Question

Simplify and express the answer in exponential form:
 \[\dfrac{{[{{(4)}^5} \times {{(4)}^2}] }}{{({2^6} \times {2^4})}}\]

Answer 1

Hint: In order to simplify and write the exponential form of a given question, we have to first write any composite number as a product of prime numbers. For example - \[26 = {13^1} \times {2^1}\] . We can solve the sum by converting the numbers in prime factors and then using laws of exponent to arrive at a solution.

Complete step-by-step answer:
Exponential form is a way of writing a number as a base with the number of repeats written as a small number to its upper right to show repeated multiplications of the same number. There are two parts in a number expressed in exponential form: a base and an exponent.

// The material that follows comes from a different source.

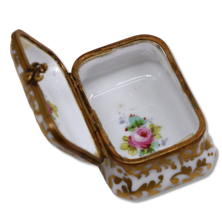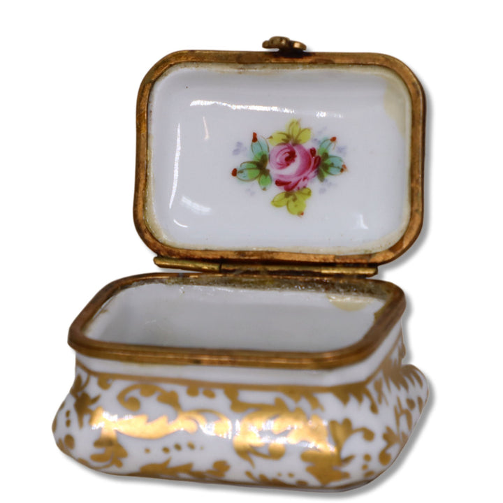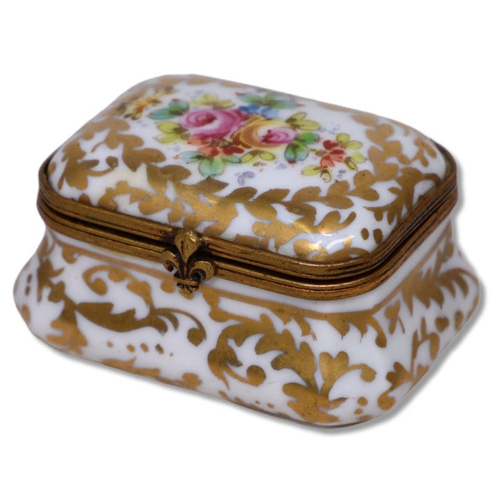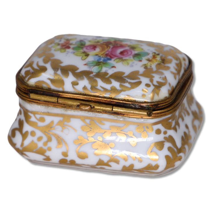 Sevres Rectangle Porcelain Trinket Pill Box Gold Laurels Floral Painted Antique

Example - \[{2^6}\] has \[2\] as base and \[6\] as exponent/power/index/order.
Exponential form is a shortcut method of writing repeated multiplication by same number. For example - \[64 = 2 \times 2 \times 2 \times 2 \times 2 \times 2 = {2^6}\] .
Now we can proceed to simplify \[\dfrac{{[{{(4)}^5} \times {{(4)}^2}] }}{{({2^6} \times {2^4})}}\] as follows:
Converting the numbers in the prime factors, we get,
 \[ \Rightarrow \dfrac{{[{{(4)}^5} \times {{(4)}^2}] }}{{({2^6} \times {2^4})}} = \dfrac{{[{{({2^2})}^5} \times {{({2^2})}^2}] }}{{({2^6} \times {2^4})}}\]
Using exponent multiplication law \[{a^{mn}} = {({a^m})^n}\] , we get,
 \[ \Rightarrow \dfrac{{[{{(4)}^5} \times {{(4)}^2}] }}{{({2^6} \times {2^4})}} = \dfrac{{[{2^{10}} \times {2^4}] }}{{({2^6} \times {2^4})}}\]
Using exponent multiplication law \[{a^m} \times {a^n} = {a^{m + n}}\] , we get,
 \[ \Rightarrow \dfrac{{[{{(4)}^5} \times {{(4)}^2}] }}{{({2^6} \times {2^4})}} = \dfrac{{{2^{10 + }}^4}}{{{2^{6 + 4}}}}\]
 \[ \Rightarrow \dfrac{{[{{(4)}^5} \times {{(4)}^2}] }}{{({2^6} \times {2^4})}} = \dfrac{{{2^{14}}}}{{{2^{10}}}}\]
Now using the exponent division law \[\dfrac{{{a^m}}}{{{a^n}}} = {a^{m - n}}\] , we get,
 \[ \Rightarrow \dfrac{{[{{(4)}^5} \times {{(4)}^2}] }}{{({2^6} \times {2^4})}} = {2^{14 - 10}}\]
 \[ \Rightarrow \dfrac{{[{{(4)}^5} \times {{(4)}^2}] }}{{({2^6} \times {2^4})}} = {2^4}\]
Hence the exponential form will be \[{2^4}\] .
So, the correct answer is “ \[{2^4}\] ”.

Note: The easy way to solve the problem is first identifying prime factors in the question and then breaking up the other numbers into the same prime factors already present. We can also solve the given question first then writing the exponential form as follows:
 \[ \Rightarrow \dfrac{{[{{(4)}^5} \times {{(4)}^2}] }}{{({2^6} \times {2^4})}} = \dfrac{{1024 \times 16}}{{64 \times 16}}\]
Solving the multiplication and division, we get,
 \[ \Rightarrow \dfrac{{[{{(4)}^5} \times {{(4)}^2}] }}{{({2^6} \times {2^4})}} = 16\]
Now \[16 = 2 \times 2 \times 2 \times 2 = {2^4}\]
Hence the exponential form will be \[{2^4}\] .